# Table Discovery

{% hint style="info" %}
This page contains background information for MariaDB developers.
{% endhint %}

In MariaDB, it is not always necessary to run an explicit `CREATE TABLE` statement for a table to appear. Sometimes a table may already exist in the storage engine, but the server does not know about it, because there is no `.frm` file for this table. This can happen for various reasons; for example, for a cluster engine the table might have been created in the cluster by another MariaDB server node. Or for the engine that supports table shipping a table file might have been simply copied into the MariaDB data directory. But no matter what the reason is, there is a mechanism for an engine to tell the server that the table exists. This mechanism is called **table discovery** and if an engine wants the server to discover its tables, the engine should support the table discovery API.
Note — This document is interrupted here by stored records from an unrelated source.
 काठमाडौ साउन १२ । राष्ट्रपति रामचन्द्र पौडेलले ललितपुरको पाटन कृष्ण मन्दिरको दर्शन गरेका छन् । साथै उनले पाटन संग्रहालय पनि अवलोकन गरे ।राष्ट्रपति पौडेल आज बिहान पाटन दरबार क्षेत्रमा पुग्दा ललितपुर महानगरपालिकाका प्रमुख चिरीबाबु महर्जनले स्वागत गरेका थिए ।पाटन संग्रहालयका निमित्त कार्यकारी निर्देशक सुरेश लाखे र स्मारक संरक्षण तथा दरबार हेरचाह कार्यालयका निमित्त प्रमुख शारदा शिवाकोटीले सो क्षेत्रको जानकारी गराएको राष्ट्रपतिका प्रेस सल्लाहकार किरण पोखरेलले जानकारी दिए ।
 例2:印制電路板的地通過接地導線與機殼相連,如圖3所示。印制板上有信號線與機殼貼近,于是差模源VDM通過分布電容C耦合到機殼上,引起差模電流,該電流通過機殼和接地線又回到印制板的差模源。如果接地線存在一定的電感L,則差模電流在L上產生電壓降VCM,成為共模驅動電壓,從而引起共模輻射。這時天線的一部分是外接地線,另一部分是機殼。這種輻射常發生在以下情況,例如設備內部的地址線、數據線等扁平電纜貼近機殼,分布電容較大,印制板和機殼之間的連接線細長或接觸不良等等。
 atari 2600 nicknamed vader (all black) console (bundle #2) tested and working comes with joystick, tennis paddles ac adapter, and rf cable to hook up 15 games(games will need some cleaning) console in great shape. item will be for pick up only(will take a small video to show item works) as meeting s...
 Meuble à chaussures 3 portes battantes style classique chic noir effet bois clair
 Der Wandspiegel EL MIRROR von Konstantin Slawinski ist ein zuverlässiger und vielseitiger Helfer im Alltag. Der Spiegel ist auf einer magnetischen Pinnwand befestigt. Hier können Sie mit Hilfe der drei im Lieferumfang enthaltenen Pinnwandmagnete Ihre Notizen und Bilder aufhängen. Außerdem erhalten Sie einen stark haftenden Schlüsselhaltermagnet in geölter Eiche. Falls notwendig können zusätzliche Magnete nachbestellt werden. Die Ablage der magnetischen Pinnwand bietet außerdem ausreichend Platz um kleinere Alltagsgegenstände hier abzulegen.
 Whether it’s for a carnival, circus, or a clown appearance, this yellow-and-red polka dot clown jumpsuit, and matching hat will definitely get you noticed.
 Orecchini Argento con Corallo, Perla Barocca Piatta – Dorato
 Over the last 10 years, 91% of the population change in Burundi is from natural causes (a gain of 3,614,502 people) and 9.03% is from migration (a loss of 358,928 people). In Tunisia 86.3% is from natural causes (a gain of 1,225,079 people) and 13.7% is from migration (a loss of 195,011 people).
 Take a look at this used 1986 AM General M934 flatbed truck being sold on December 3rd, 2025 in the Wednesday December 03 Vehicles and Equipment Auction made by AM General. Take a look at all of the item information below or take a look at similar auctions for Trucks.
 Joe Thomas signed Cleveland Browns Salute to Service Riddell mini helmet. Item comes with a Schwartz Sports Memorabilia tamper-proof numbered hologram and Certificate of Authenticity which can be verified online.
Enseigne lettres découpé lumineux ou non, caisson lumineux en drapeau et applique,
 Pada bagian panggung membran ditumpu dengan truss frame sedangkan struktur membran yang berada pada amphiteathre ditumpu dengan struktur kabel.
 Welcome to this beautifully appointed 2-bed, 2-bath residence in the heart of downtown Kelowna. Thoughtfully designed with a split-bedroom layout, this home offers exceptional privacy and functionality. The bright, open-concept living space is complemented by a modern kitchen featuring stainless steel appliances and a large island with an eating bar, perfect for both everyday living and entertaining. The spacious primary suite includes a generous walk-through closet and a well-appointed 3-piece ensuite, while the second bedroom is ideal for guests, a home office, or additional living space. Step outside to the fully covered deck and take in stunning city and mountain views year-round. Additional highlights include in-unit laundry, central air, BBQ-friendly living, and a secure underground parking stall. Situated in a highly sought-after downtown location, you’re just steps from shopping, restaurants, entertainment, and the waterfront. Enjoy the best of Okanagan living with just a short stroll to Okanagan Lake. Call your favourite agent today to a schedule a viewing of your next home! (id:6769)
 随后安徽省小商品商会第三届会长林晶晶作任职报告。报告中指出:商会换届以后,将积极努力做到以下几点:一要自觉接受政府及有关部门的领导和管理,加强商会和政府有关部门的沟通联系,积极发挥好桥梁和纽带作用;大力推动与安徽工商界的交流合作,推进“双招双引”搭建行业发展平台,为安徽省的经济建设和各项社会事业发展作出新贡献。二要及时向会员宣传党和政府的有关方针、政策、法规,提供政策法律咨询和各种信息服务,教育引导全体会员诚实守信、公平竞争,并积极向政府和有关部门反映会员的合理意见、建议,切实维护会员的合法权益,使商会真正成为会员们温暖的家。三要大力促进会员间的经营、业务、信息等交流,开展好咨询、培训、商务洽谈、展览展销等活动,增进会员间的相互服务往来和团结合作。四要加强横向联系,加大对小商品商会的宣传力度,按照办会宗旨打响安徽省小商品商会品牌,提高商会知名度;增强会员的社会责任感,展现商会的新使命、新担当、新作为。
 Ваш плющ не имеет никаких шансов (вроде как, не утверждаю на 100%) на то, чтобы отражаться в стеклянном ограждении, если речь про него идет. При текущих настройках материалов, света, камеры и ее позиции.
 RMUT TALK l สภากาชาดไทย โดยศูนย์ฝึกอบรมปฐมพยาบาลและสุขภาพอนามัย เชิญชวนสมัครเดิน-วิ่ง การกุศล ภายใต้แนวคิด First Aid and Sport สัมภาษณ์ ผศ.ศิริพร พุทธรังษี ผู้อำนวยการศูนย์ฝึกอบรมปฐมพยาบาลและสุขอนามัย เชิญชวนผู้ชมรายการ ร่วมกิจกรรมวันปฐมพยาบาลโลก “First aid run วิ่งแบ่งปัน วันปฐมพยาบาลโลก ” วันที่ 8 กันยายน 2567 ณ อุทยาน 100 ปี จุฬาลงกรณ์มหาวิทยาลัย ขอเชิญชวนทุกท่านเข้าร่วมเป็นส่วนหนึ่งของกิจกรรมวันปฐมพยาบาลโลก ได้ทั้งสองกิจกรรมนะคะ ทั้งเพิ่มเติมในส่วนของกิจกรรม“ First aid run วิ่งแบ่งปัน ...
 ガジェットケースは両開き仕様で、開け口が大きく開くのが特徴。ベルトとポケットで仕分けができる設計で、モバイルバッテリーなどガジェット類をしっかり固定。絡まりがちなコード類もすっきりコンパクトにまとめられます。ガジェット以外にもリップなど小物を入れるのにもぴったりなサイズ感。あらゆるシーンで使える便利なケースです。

There are two different kinds of table discovery — a fully automatic discovery and a user-assisted one. In the former, the engine can automatically discover the table whenever an SQL statement needs it. In MariaDB, the [Archive](https://mariadb.com/docs/server/server-usage/storage-engines/archive) and [Sequence](https://mariadb.com/docs/server/server-usage/storage-engines/sequence-storage-engine) engines support this kind of discovery. For example, one can copy a `t1.ARZ` file into the database directory and immediately start using it — the corresponding `.frm` file are created automatically. Or one can select from say, the `seq_1_to_10` table without any explicit `CREATE TABLE` statement.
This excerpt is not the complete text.